First and foremost, thank you for the project, it seems to really provide a good solution for the problem, especially for less experienced developers like me. If the following text ends up sounding harsh, it is not directed to the project, or to the developers, but to my own frustration.

It's been a recurring theme for me. Whatever I try to learn or do, I end up finding a tool that "makes everything really easy". More often than not, I end up not being able to use or understand the tool, and left with the doubt: either it isn't that easy, or I'm just very, very incapable.

I've spent the 2 last days trying to use Hypriot, and failing miserably. I'm so confused about how this is supposed to work that I can't even open a specific issue about a specific question, so I'll try to expose the problems I've had in this single issue and we can work from this.

Hopefully my questions could point some obscure points about the documentation, and so help more people who are in my situation.

Note: I've read several materials before creating this issue. To cite some:

I hope that makes it clear that this is not just a lazy "help me, it is not working" without any effort or context.


what devices I have

  • Mac Book (where I'm flashing the SD cards etc)
  • Raspberry Pi 2 Model B (with a wi-fi stick)
  • Raspberry Pi Zero W

what I'm trying to achieve

I want to flash an image on my devices with HypriotOS v1.12.1, configuring:

  • hostname
  • wifi settings
  • SSH keys

To make it more clear: I want to put an SD card in my Raspberry Pi devices and boot them with these 3 things configured, so I don't want to have to plug a keyboard or Ethernet cable to my devices.


what I've tried

with the Raspberry Pi 2 Model B

First I've tried a bunch of stuff that I can't remember right now. Then I started all over again, with baby steps (doing the most basic setup, then trying to change one thing at a time), as follows.

first attempt - no config

Here I'm doing basically what is described here.

The blog post is about HypriotOS 1.11 (I'm actually using 1.12). Not sure whether that makes any difference here.

Steps:

  • flash the image without any extra configuration or file, using the flash script: flash -f ~/cluster-images/hypriotos-rpi-v1.12.1.img
  • connect the Pi via Ethernet to my Ethernet switch, via cable
  • access the Pi via SSH with the default hostname: ssh pirate@black-pearl.local, and password hypriot.
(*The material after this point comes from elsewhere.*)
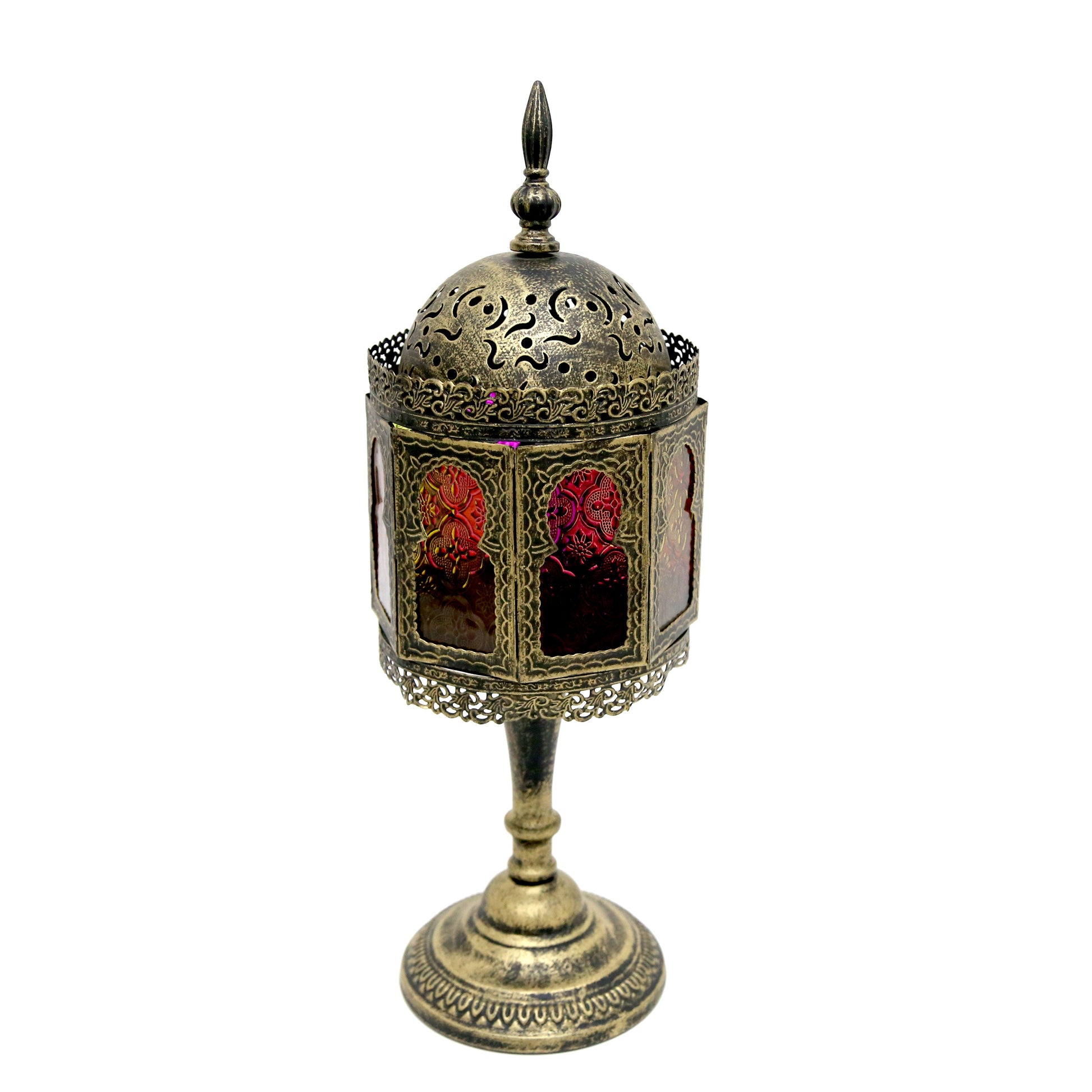 19" (48 CM) Tall metal lantern with multicolored glass windows.

This works ✅, but is not what I need, because I'm still accessing with the default hostname, through an Ethernet cable, and with a password in SSH.

second attempt - just the hostname

Everything like the first, but setting a hostname.

Here comes the first confusion. There seems to be more than 1 way to do this, without any explanation of priorities or use cases.

  • flash has the --hostname option.

  • https://github.com/hypriot/flash#cloud-init shows with the configuration hostname: black-pearl and mentions the files for the options --userdata and --metadata (I've learned that these files are related to cloud-init, but I could not find anywhere that explained satisfactorily the difference between both and which fields are accepted in any one of the files). The documentation linked states:

    With HypriotOS v1.7.0 and higher the options --userdata and --metadata can be used to copy both cloud-init config files into the FAT partition.

    and follows with an example file, but does not mention whether that is the --userdata file or the --metadata file. I could guess it is on the --userdata file (100% just a guess, even after researching), but I think that would be so easier if the README explained that.

hostname - first way

So I'll make a guess and go with the --hostname.

Steps:

  • flash --hostname testing-hostname -f ~/cluster-images/hypriotos-rpi-v1.12.1.img
  • connect the Pi via Ethernet to my Ethernet switch, via cable
  • access the Pi via SSH with the configured hostname: ssh pirate@testing-hostname.local, and password hypriot.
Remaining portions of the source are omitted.